▶ PROBLEM REQUIREMENTS
Repeat each line of the data below exactly, but skip the pictures.

▶ DATA BELOW
"""
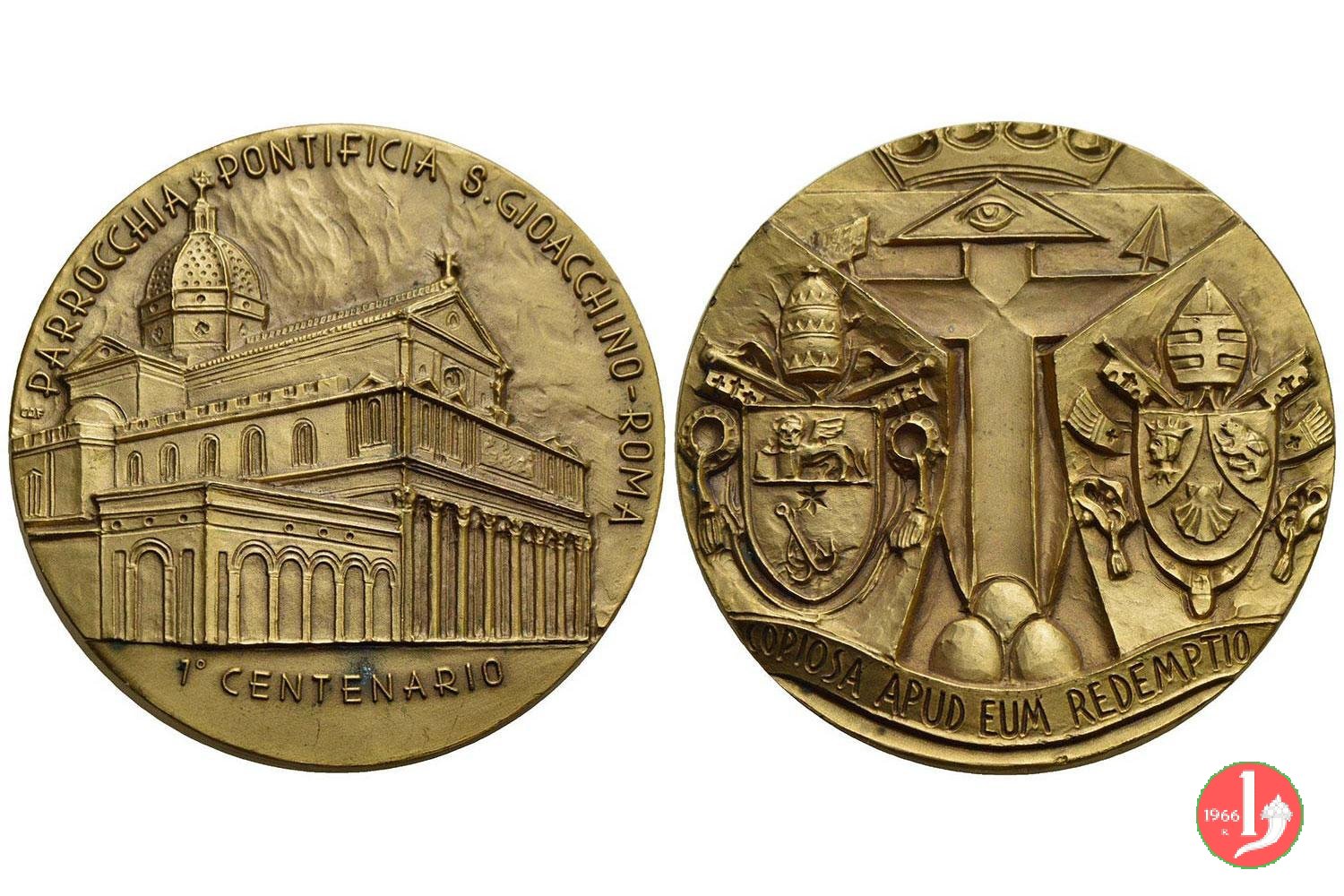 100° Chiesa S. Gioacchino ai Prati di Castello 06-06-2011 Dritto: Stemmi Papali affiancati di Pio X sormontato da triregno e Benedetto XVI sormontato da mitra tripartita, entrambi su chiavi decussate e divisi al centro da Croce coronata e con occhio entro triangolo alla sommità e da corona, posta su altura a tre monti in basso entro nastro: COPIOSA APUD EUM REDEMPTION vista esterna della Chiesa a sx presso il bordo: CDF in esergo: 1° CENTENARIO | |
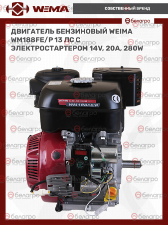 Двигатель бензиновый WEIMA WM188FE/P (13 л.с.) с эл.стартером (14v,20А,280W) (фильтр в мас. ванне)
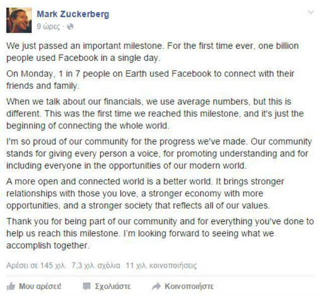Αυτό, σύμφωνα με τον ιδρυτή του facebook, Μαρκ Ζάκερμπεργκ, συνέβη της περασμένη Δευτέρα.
"""
▶ TASK RESPONSE
 100° Chiesa S. Gioacchino ai Prati di Castello 06-06-2011 Dritto: Stemmi Papali affiancati di Pio X sormontato da triregno e Benedetto XVI sormontato da mitra tripartita, entrambi su chiavi decussate e divisi al centro da Croce coronata e con occhio entro triangolo alla sommità e da corona, posta su altura a tre monti in basso entro nastro: COPIOSA APUD EUM REDEMPTION vista esterna della Chiesa a sx presso il bordo: CDF in esergo: 1° CENTENARIO | |
 Двигатель бензиновый WEIMA WM188FE/P (13 л.с.) с эл.стартером (14v,20А,280W) (фильтр в мас. ванне)
Αυτό, σύμφωνα με τον ιδρυτή του facebook, Μαρκ Ζάκερμπεργκ, συνέβη της περασμένη Δευτέρα.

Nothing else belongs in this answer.